My back problems may seem to exist as a result of my weight, but the truth is that there is a congenital defect in my spine. I first had back issues at the age of 12, and then they eventually went away. When they recurred with a vengeance in my 30's, I had testing which showed a little crack on an X-Ray on one of my lower vertebrae. I was told that I should lose weight, but that there was nothing I did to create this problem nor anything I could do to stop it aside from reducing my weight and increasing my fitness level to take the pressure off of my bone structure. Of course, there is a "chicken and the egg" issue at play. My back problems make it hard to lose weight or be fit, and not being fit or at a lower weight make my back issues worse.

So, here I am doing everything I can to lose weight and be stronger, including adding to and mixing up my exercise routine so that I can develop muscles in various directions, but I'm like a runner at the gate who is being held back from starting because of some invisible restraint. All of the will and motivation in the world doesn't do me any good as long as the flesh and bones are weak. It's important to keep in mind that "everything I can do" isn't the same as "everything one can do" for a particular individual. Just as I didn't know that old lady couldn't walk well enough to choose a better crossing spot or cross faster and shouldn't have judged her, people shouldn't be judging me or anyone else by simply looking at them. We don't know what circumstances are holding other people back, and we can't tell by just looking at them. Even more than not judging them, it's important to have compassion for the fact that they suffer not only because of the immediate effects (pain, slowness) of their limits, but because there are productive and enjoyable things they might want to do very badly (including but not limited to losing weight) and can't do because of them.


NewMe said...

As I started reading your post, I immediately felt like saying, "Amen, sister". And then I saw the two links to my blog. Thank you so much. I'm sure you know how wonderful it feels to know that people are reading what you have to say and that your words touch and speak to others.

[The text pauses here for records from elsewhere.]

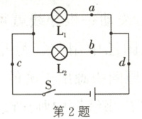 2. 创新小组利用如图所示电路,探究并联电路中电流的关系。L₁与L₂是两个不同规格的小灯泡,闭合开关后,通过a、b、c、d四处电流的大小关系正确的是(
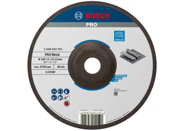 Опуклий обдирний круг Bosch Standard for Metal діаметром 180 мм, товщиною 6 мм, з посадкою 22,23 мм — робоча насадка до кутових шліфмашин Bosch 180 мм, за допомогою якої можна якісно обдерти, зачистити, відшліфувати металеві профілі, труби, заготовки.
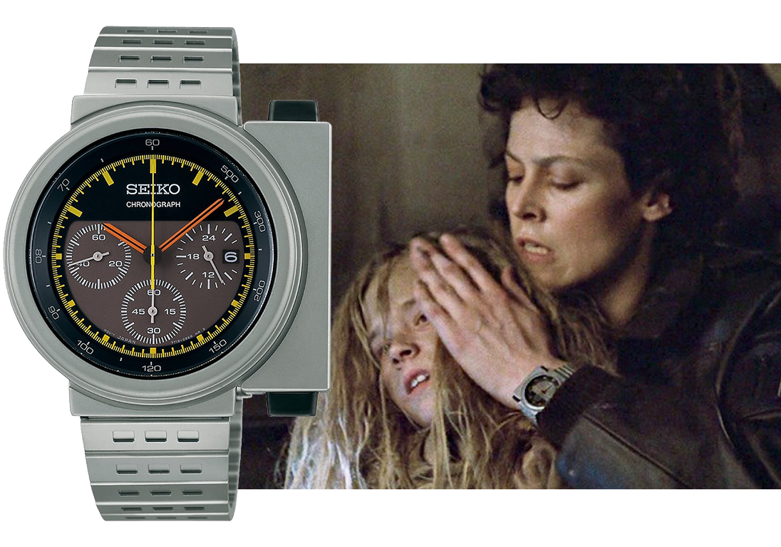 В простоте дизайна часов капитана Эллен Рипли есть что-то очаровательное. Легендарный автомобильный дизайнер, Джоретто Джуджаро взял существующий хронограф Seiko, добавил с правой стороны полосу и разместил по кругу несколько дополнительных кнопок. Вуа-ля: перед нами часы, которые не потеряют своей актуальности в 2179г.
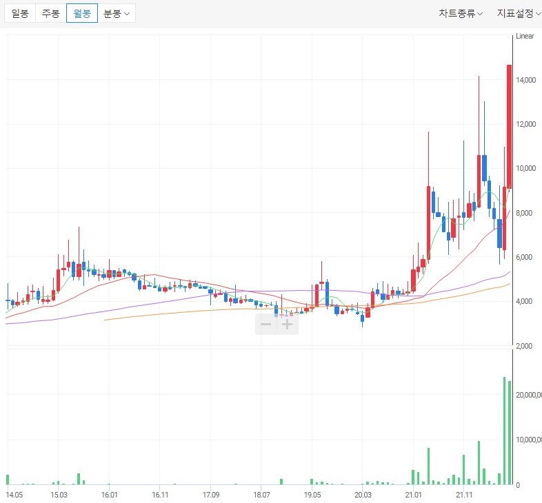 ㄴ) 월봉 차트에서 신고가를 기록하고 있는 만큼 지금은 상승세이다.
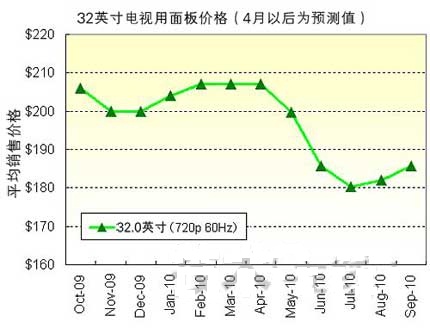 - 預計2010年第三季度32英寸用麵板價格為180~185美元左右
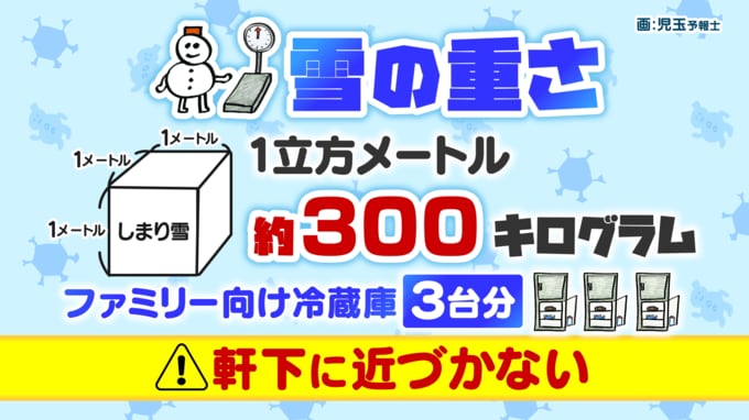 しまり雪の場合、1立方メートルで300キロの重さがあると言われています。これはファミリー向け冷蔵庫3台分に相当する重さで、軒下には不用意に近づかないでください。
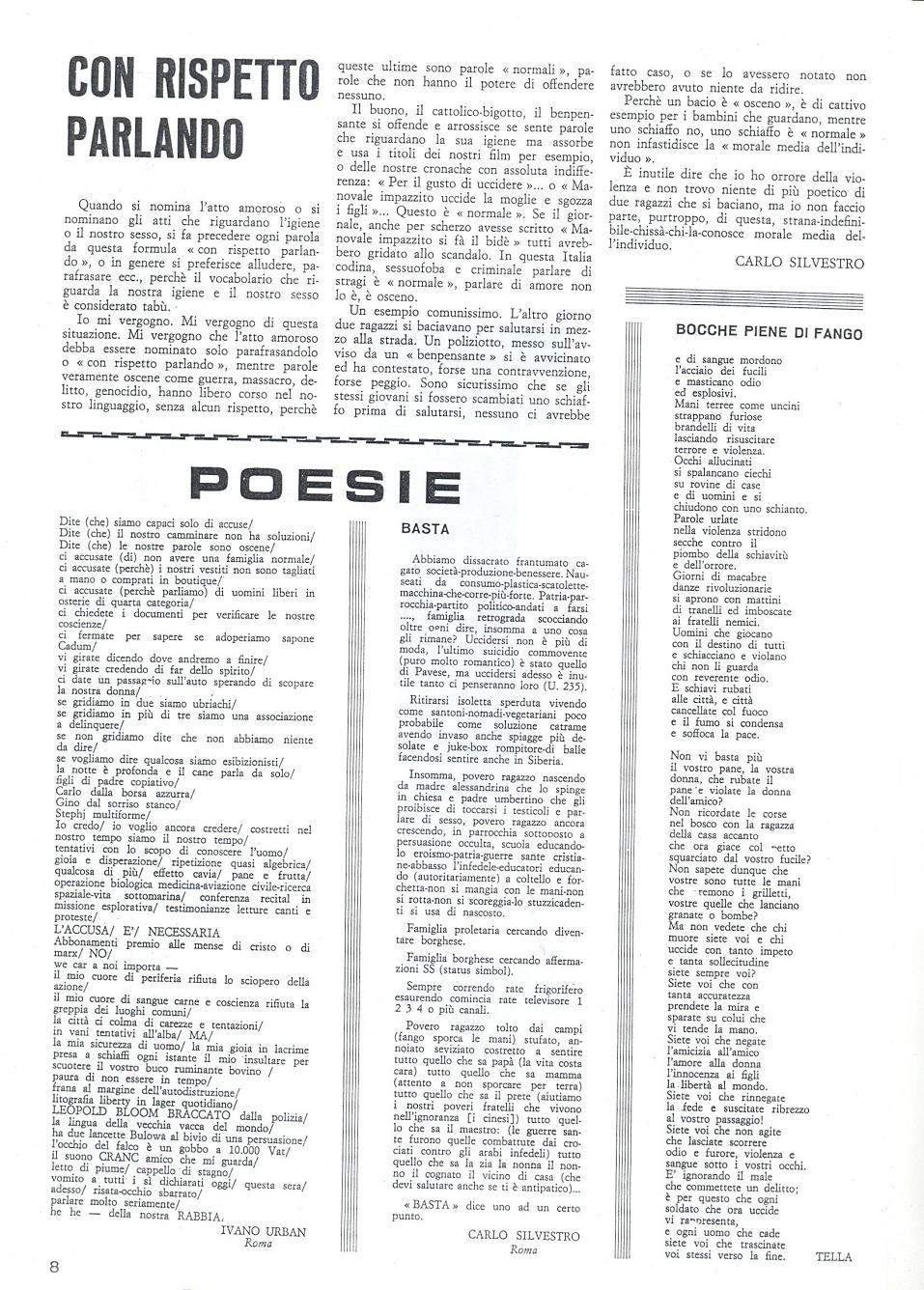 POESIE, rispettivamente di Tella (Ferrari), Ivano Urban e Carlo Silvestro e di quest'ultimo un articolo su come nel linguaggio comune i fatti più atroci (uccide moglie e figli) vengano descritti senza fastidi linguistici, mentre, trattando di sesso, le parole devono in qualche modo essere supportate da circonlocuzioni e premesse.

Yesterday I too tried out a new, expensive brace in the hope that it would allow me to do a bit more exercise. And with that experiment, I have now thrown even more money out the window and only have an inflamed knee to thank for it!

And yet, we keep trying. And that's a good thing.

As you know, I'm a big fan of yoga, but I do advise caution. If you have any type of disability, it is wise to find a yoga therapist, who is trained in dealing with disabilities and finding adaptations to help the student develop a safe, positive practice. There is actually an international association of yoga therapists website ( I realize that you may not be able to find/afford a yoga therapist where you are currently living, but at least I've given you the information.

Once again, thanks for the great post (even without your kind link to my blog!). As always, great food for thought.

Anonymous said...

When I first decided to lose weight and improve my physical fitness I found a piece of exercise equipment (NuStep) that is like a recumbent elliptical and features (for an extra cost) knee and ankle stabilizers, and it is so gentle on joints that it is often used in rehab facilities after knee surgery and hip surgery. Oh my gosh, I thought I had the answer to all my problems--until I saw the price!!! (Close to $6000 for the model I needed.)

There are invisible barriers to fitness that could be overcome if access to such equipment were more widely available at no cost or very low cost to those who cannot afford it. I will be first in line to volunteer the day a foundation begins with a mission to help obese people, with disabilities of any kind, gain access to equipment that already exists and is proven effective but is affordable only to the most wealthy among us.